On 2023-04-01 13:42:21 +1300, Thomas Munro wrote:
> Commit 7389aad6 started using WaitEventSetWait() to wait for incoming
> connections. Before that, we used select(), for which we have our own
> implementation for Windows.
>
> While hacking on patches to rip a bunch of unused Win32 socket wrapper
> code out, I twigged that the old pgwin32_select() code was careful to
> report multiple sockets at once by brute force polling of all of them,
> while WaitEventSetWait() doesn't do that: it reports just one event,
> because that's what the Windows WaitForMultipleEvents() syscall does.
> I guess this means you can probably fill up the listen queue of server
> socket 1 to prevent server socket 2 from ever being serviced, whereas
> on Unix we'll accept one connection at a time from each in round-robin
> fashion.

It does indeed sound like it'd behave that way:

> If bWaitAll is FALSE, the return value minus WAIT_OBJECT_0 indicates the
> lpHandles array index of the object that satisfied the wait. If more than
> one object became signaled during the call, this is the array index of the
> signaled object with the smallest index value of all the signaled objects.

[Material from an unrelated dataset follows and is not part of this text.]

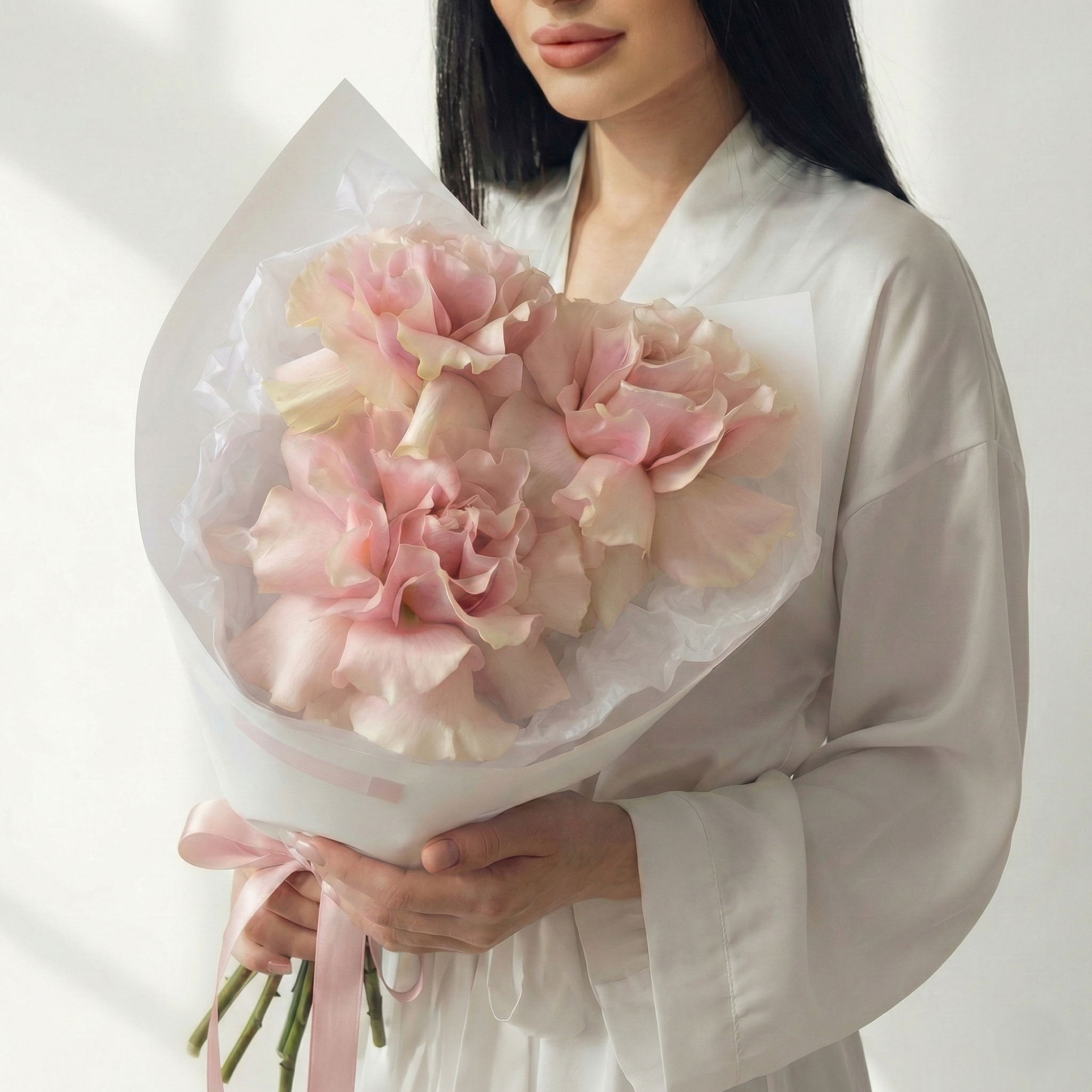 Этот букет — воплощение современной флористической моды и утонченного вкуса. Всего три французские розы создают потрясающий визуальный эффект благодаря особой технике раскрытия бутона. Вывернутые наружу лепестки придают цветам невероятный объем, воздушность и кружевную текстуру, превращая каждый стебель в настоящее произведение искусства. Нежно-розовый оттенок подчеркивает романтичность подарка, а лаконичная упаковка не отвлекает внимание от природной красоты цветов. Это идеальный выбор для стильного сюрприза, который говорит о безупречном вкусе дарителя.

I wonder if we ought to bite the bullet and replace the use of
WaitForMultipleObjects() with RegisterWaitForSingleObject() and then use
GetQueuedCompletionStatus() to wait. The fairness issue here is a motivation,
but the bigger one is that that'd get us out from under the
MAXIMUM_WAIT_OBJECTS (IIRC 64) limit. Afaict that'd also allow us to read
multiple notifications at once, using GetQueuedCompletionStatusEx().

Medium term that'd also be a small step towards using readiness based APIs in
a few places...

> I think we could get the same effect as pgwin32_select() more cheaply
> by doing the initial WaitForMultipleEvents() call with the caller's
> timeout exactly as we do today, and then, while we have space,
> repeatedly calling
> WaitForMultipleEvents(handles=&events[last_signaled_event_index + 1],
> timeout=0) until it reports timeout.

That would make sense, and should indeed be reasonable cost-wise.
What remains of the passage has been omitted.